YES 138

Posted on Posted in Young Employed and Single

Miriam had just annoyed me. Yes I knew she had to keep her word to my mother but come on now. I was hurting now so

she had to see things my way. When people die do we still have to honour what we promised them to that extent? Miriam needed to tell me what happened and not stop playing games with my mind. My mother had found it fit to tell her and not us which was something that annoyed me immensely. I really could not help wonder what the secret was. When I got back to the house I found my aunt in the kitchen. The church people had arrived to do a service in the house. The pastor, the one who my mother had wanted to baptize me and show me the path back straight was the one leading the evening service. My aunt came out immediately when she saw me.

“Where is Mbilahelo?”

I asked her. Those were my first words to her and I guess that curiosity was still inside me.

“He left already. He said he could not wait and said to tell you that he is sorry for your loss!”

My aunt told me. I could see she was looking at me funny, that straight into the eye look as though she was looking for something.

“What is it?”

I asked her.

“Nothing!”

She responded. She had mischievous glint somewhere in there and I think something had happened in her session.

“So did you fix his problem?”

I asked her looking away trying not to sound obvious that I was prying into her business with a client.

“I am not sure yet I just got a sense of there was more to the story you know and am putting two and two together. Sometimes this calling makes us see things which are not there so I want to be sure!”

She said so mysteriously and walked away back into the house. We had to be part of the service and the whole family attended.
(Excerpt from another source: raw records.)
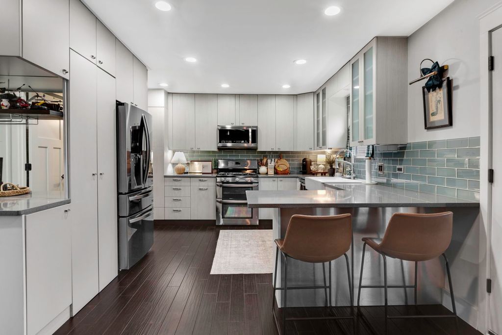 Stunningly renovated home in the sought-after Heatherwood subdivision, offering a Lake Villa address with access to highly rated schools in Grayslake, Illinois and lower property taxes. From the moment you arrive, the home stands out with exceptional curb appeal featuring cement Hardie board and vinyl siding, a brick paver driveway, and beautifully designed Unilock hardscaping with brick and stone retaining walls. Step inside to find wide plank solid hardwood floors, elegant 6-inch baseboards, and contemporary solid wood doors with Buster + Punch hardware throughout the main level, staircase, and upper hallway. The custom kitchen is truly the heart of the home, showcasing award-winning Crystal cabinetry with soft-close features, quartz countertops, tiled backsplash, under-cabinet lighting, apron-front sink, and LG black stainless steel appliances. A stylish built-in mini bar with wine storage and concealed stacked washer and dryer add both convenience and thoughtful design. The spacious family room features vaulted ceilings, skylight, oversized modern fan, and a cozy wood-burning fireplace, while Pella French doors lead to a large enclosed porch perfect for relaxing or entertaining. The backyard is designed for enjoyment with a 7-person Sundance Kingston hot tub under a pergola, a wide fenced yard, and direct access to community volleyball and playground areas. Upstairs offers three generously sized bedrooms including a vaulted primary suite with walk-in closet. The beautifully updated full bathroom delivers a spa-like feel with a floating vanity, freestanding soaking tub, and an impressive walk-in shower. Additional highlights include recent updates within the past five years, a new air conditioner, water heater (2021), roof (2014), and abundant attic storage above the garage with pull-down ladder. No HOA.
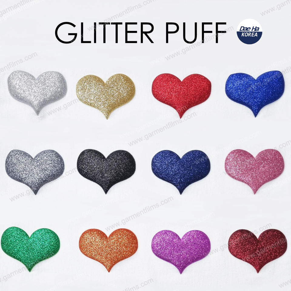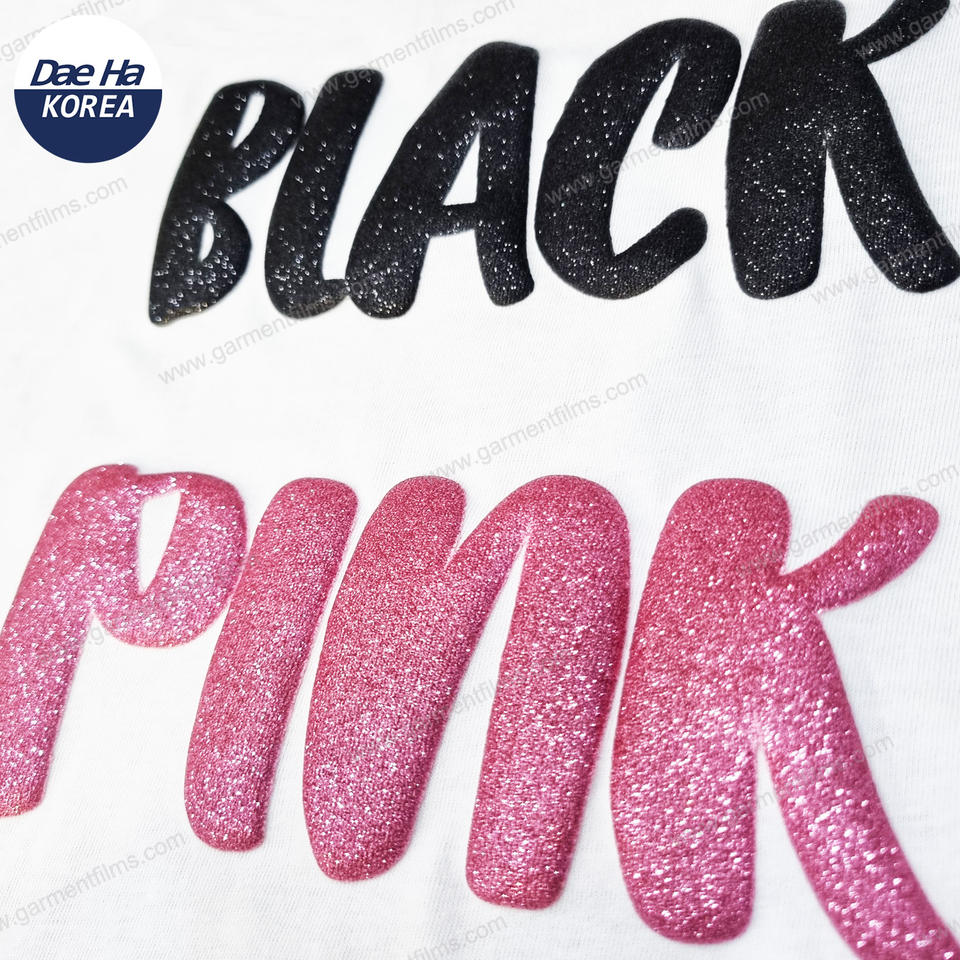 Rouleaux de vinyle de transfert de chaleur Glitter Puff HTV Dae Ha Glitter et effets 3D Conceptions volumineuses tridimensionnelles HTV fabriquées en Corée
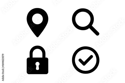 Vector Set for Web and Apps with Location Pin, Search Magnifier, Security Lock, and Approval Checkmark Icons on Transparent Background, Perfect for UI Design and Digital Projects
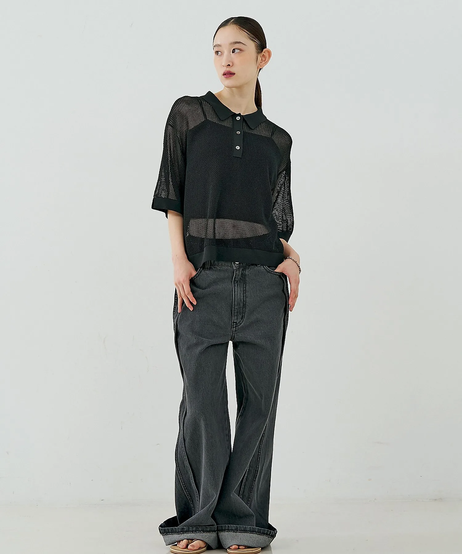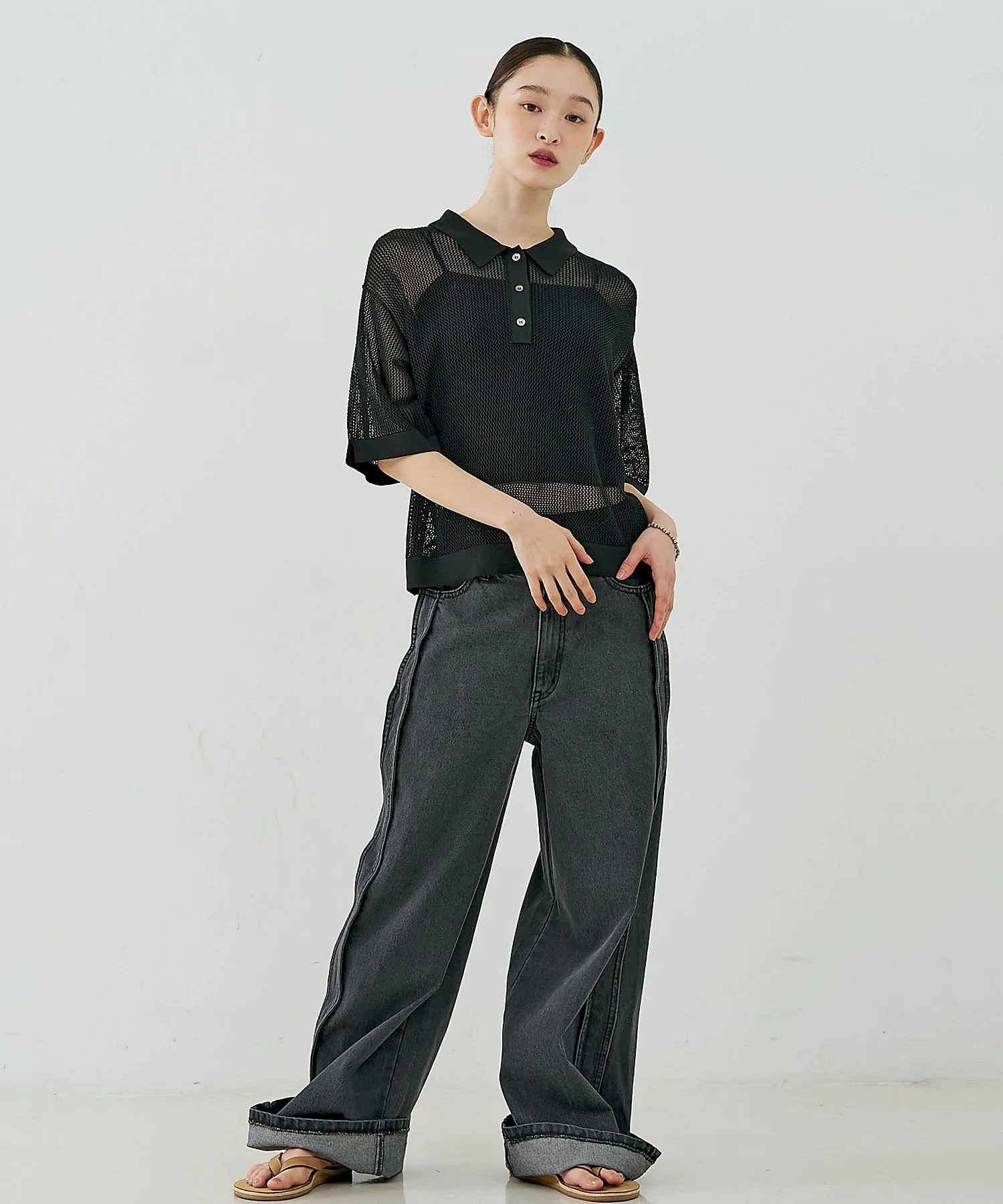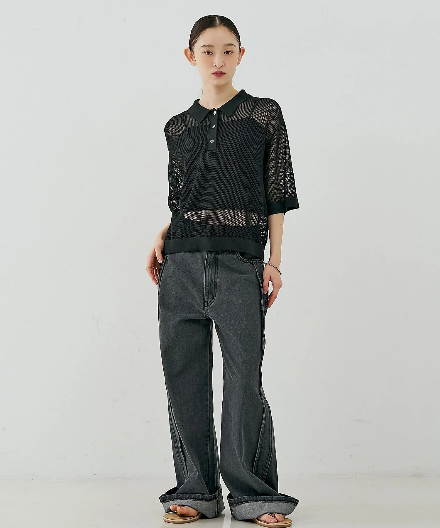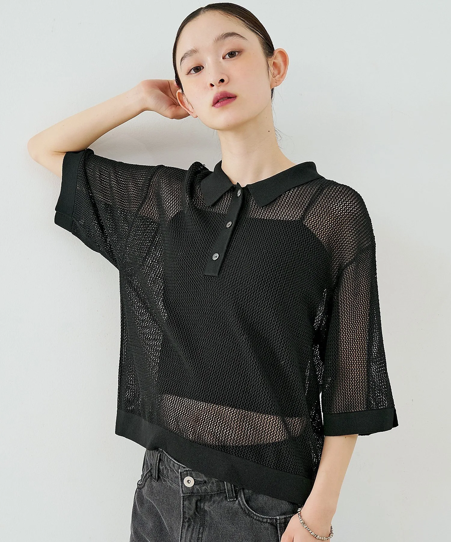 Поло из "легкой, прозрачной" ткани, сочетающее в себе ощущение прохлады и изысканный вид. Трикотажное поло NOMINE изготовлено из мягкой ткани, состоящей на 89% из вискозы и на 11% из нейлона, идеально подходящей для лета. Ключевая особенность – прозрачность легкой сетчатой ткани, позволяющая создавать разнообразные многослойные образы в зависимости от нижнего белья. Свободный, прямой силуэт (ширина 53 см, длина 52,5 см) и рукава средней длины (24,5 см) до локтей создают непринужденный, расслабленный образ. Доступно в четырех цветах: однотонный (фиолетовый/черный) и полосатый (светло-серый/коричневый), что делает его универсальным для самых разных случаев, от повседневных до официальных.

The next two days were a hustle with a lot of coming and goings. Even Susanna flew all the way from Cape Town to come offer her condolences. She came with Miriam and no there was no fight. Becky with the good hair was actually nice to me and there was no war. I am not going to go into too much detail about my mother’s funeral; it hurt a lot that’s for sure. She was buried on Saturday morning, you know how Jhb weather is, it rained just to make us suffer more. A lot of people came including some of my old high school friends imagine. People I had not seen in ages. We buried my mother well with dignity and respect.

Saturday Night.

With the crowd having dispersed the real talk came. My uncle brought up the issue of the dividing of goods in the house and so on. He was drunk obviously and I think somewhere in KZN they had told him he was a king of sorts. Men from KZN really think they own women and that women cannot think for themselves and when they can they think we are as good as children.

“We have to finish this issue tonight because a lot of us leave far so we can’t have this trip again. It’s a man’s issue that’s why everyone has to be here so that no gossip leaves here saying that we were unfair!”
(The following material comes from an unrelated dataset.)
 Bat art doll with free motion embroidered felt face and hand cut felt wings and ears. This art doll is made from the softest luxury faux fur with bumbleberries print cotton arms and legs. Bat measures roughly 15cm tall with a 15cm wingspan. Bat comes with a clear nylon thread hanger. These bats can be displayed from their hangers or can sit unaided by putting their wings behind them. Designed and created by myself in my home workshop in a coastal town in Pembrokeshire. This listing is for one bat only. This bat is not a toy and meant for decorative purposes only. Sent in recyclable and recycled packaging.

He said further emphasizing why I think rural based men are something else. They are disrespectful and have over inflated egos. I don’t blame them. I blame us the women who allow these men to walk around strutting like peacocks when more often than not they are just losers who can’t even provide for their own families.

“This matter I thought we discussed and we concluded that the lawyers will come divide according to her wishes Bhuti…”

One of my aunts reminded him politely but I could sense her annoyance at the fact that we were back here again. I emphasize the way she asked politely because it was clear she knew her place in the family, somewhere down there. Maybe it’s me I am not sure or maybe it’s this education thing oh wait, maybe it’s the fact that I am in 2017 that makes me think that even within the family, men cannot treat us like this period! I did not speak up though I kept quiet.

“Nonsense, what lawyers? In our culture are there lawyers. We need to follow the traditions of our ancestors that’s what we need to do. I said before that it’s all this whiteness that is killing our families. Imagine my sister and I did not speak for so long because of it!”

My uncle said defending his case. With black people whiteness offends us when it suits us but when it comes to responsibilities we all want to go the white route. Black men use tradition to oppress women but still believe the woman must get a job in that very white economy to take care of the kids. The level of hypocrisy in our patriarchal society is actually quite appalling. My aunt who was now our de facto mother spoke up for us,

“But I thought we agreed with the kids that we must wait for the will. When my sister died it’s not like she did not have children, she did and they are here and old enough to take care of their mothers things!”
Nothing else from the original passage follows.